Objectives

Create eBooks from Webpages

Get started with Web Scraping by making projects that you need
Learn how to approach a problem instead of being worried about the software stack
When using Python3, make the most of its standard library
Learn the usefulness of production-code practices like exceptions, docstrings, venv

Assumptions

Familiarity with HTML <tags>
Programmed in Python3 before, i.e. you understand the syntax

Dependencies

Python 3.7+
- BeautifulSoup: for accessing HTML file as an object.
- lxml: for parsing HTML files using the LXML parser.
Pandoc: for document format conversions.
Kindlegen: to convert EPUB to Kindle compatible formats (MOBI).

Motivation for This Talk

“Can I read this on my Kindle?”

The Solution: On Amazon Kindle

The Solution: On Android Device

How To Do It?

“Can I read this on my Kindle?”

Send an HTTP request to the server for the file.
Get the file, filter out the “title” & “judgement” (summary).
Save this to a text/html file.
Convert this file to an eBook, particularly one that is compatible with Android & Kindle.

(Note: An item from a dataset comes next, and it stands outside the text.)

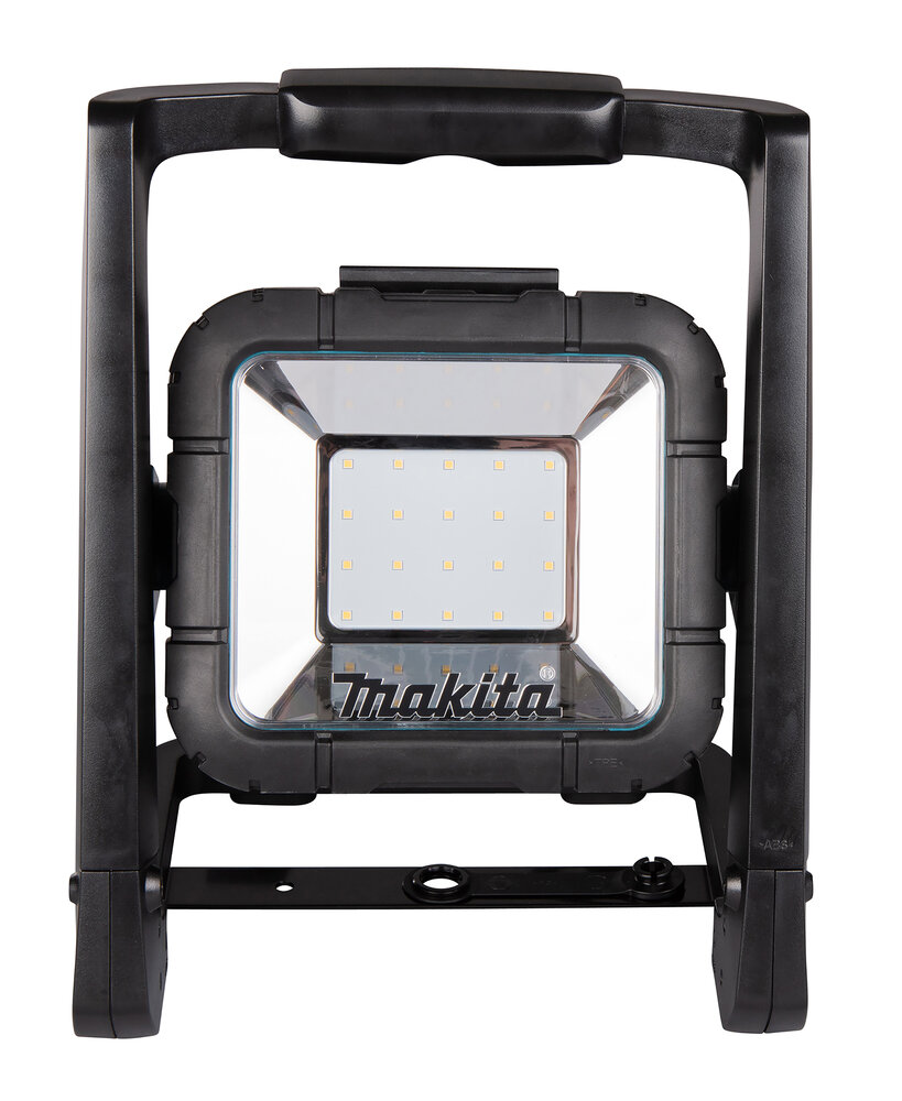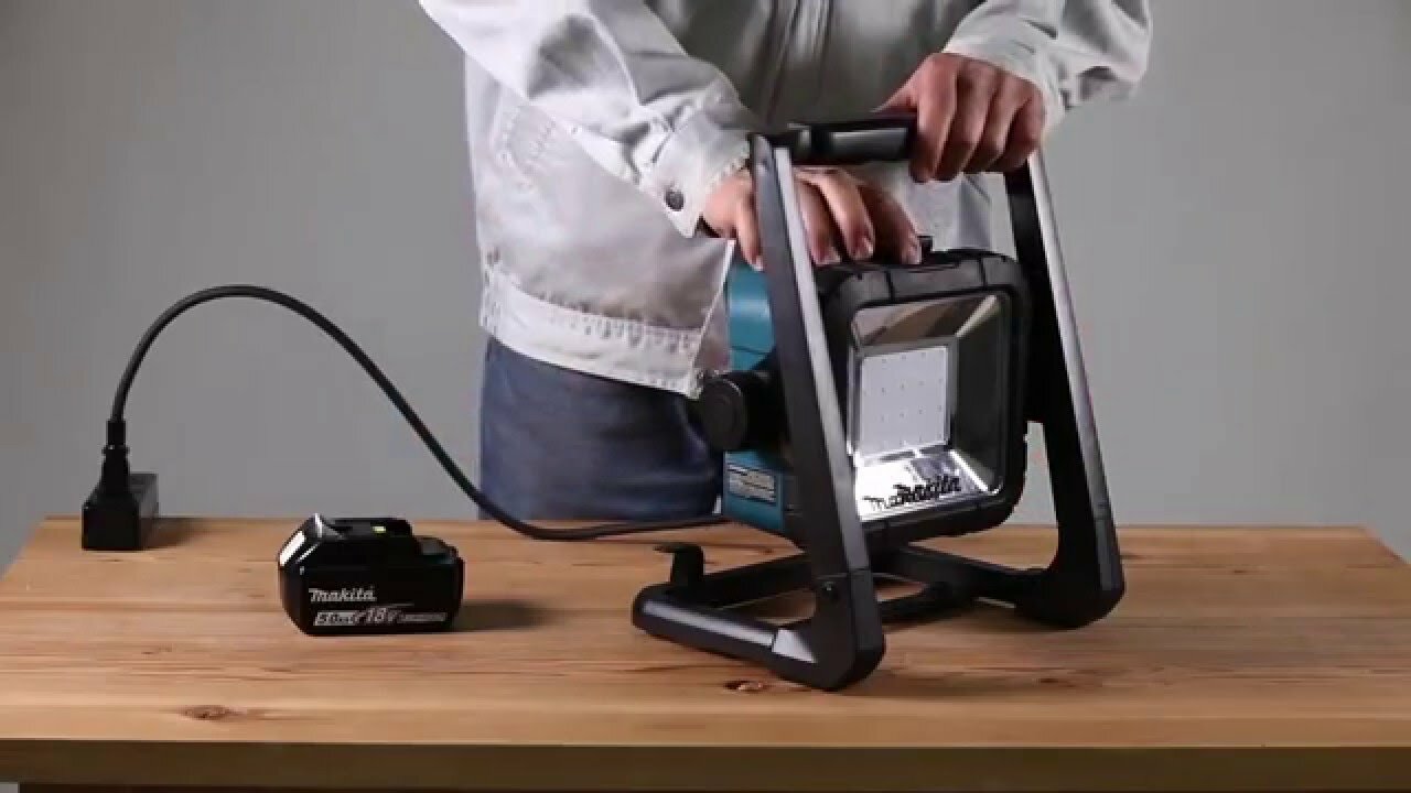 Аккумуляторный прожектор Makita может работать как от аккумуляторных батарей, так и от сети и подходит для использования на строительных площадках и в помещениях, где проводятся ремонтные работы. Он снабжен напольной стойкой, позволяющей регулировать угол освещения в направлении вверх и вниз.

But First, Some Prerequisites

Send A Request, Retrieve A File

from urllib import request
...
response = request.urlopen(url).read().decode('utf-8')

Create An HTML object

from bs4 import BeautifulSoup
...
html = BeautifulSoup(response, 'lxml')

Finding `<tags>`

Find: Based on Location
tag.subTag.subsubTag

# Find headline of text
headline = article.h2.a.text

Find: Based on a tag’s id/attribute
find/find_all

Syntax

.find(tag, attributes, recursive, text, keywords)
.find_all(tag, attributes, recursive, text, limit, keywords)

# [tag] Find all headings in the page
.find_all('h1')
.find_all(['h1', 'h2', 'h3', 'h4', 'h5', 'h6'])

# [attributes] Find all <span> that contain green/red colored text
.find_all('span', {'class': {'green', 'red'}})

# [text] How many times is "Happy Birthday" displayed on the webpage?
.find_all(text='Happy Birthday')

# [keywords]
.find_all(id='span', class_={'green', 'red'})

Note: OR/AND

# Find all title-summary combinations that are colored in green or red
.find_all('div', id={'title','summary'}, class_={'green', 'red'})

Observations

“Can I read this on my Kindle?”

Title & Main Content can be captured from <div class="judgments">...</div>
All external document links in a document are relative links, not absolute links.
eg. “/doc/594125/” instead of “https://indiankanoon.org/doc/594125/”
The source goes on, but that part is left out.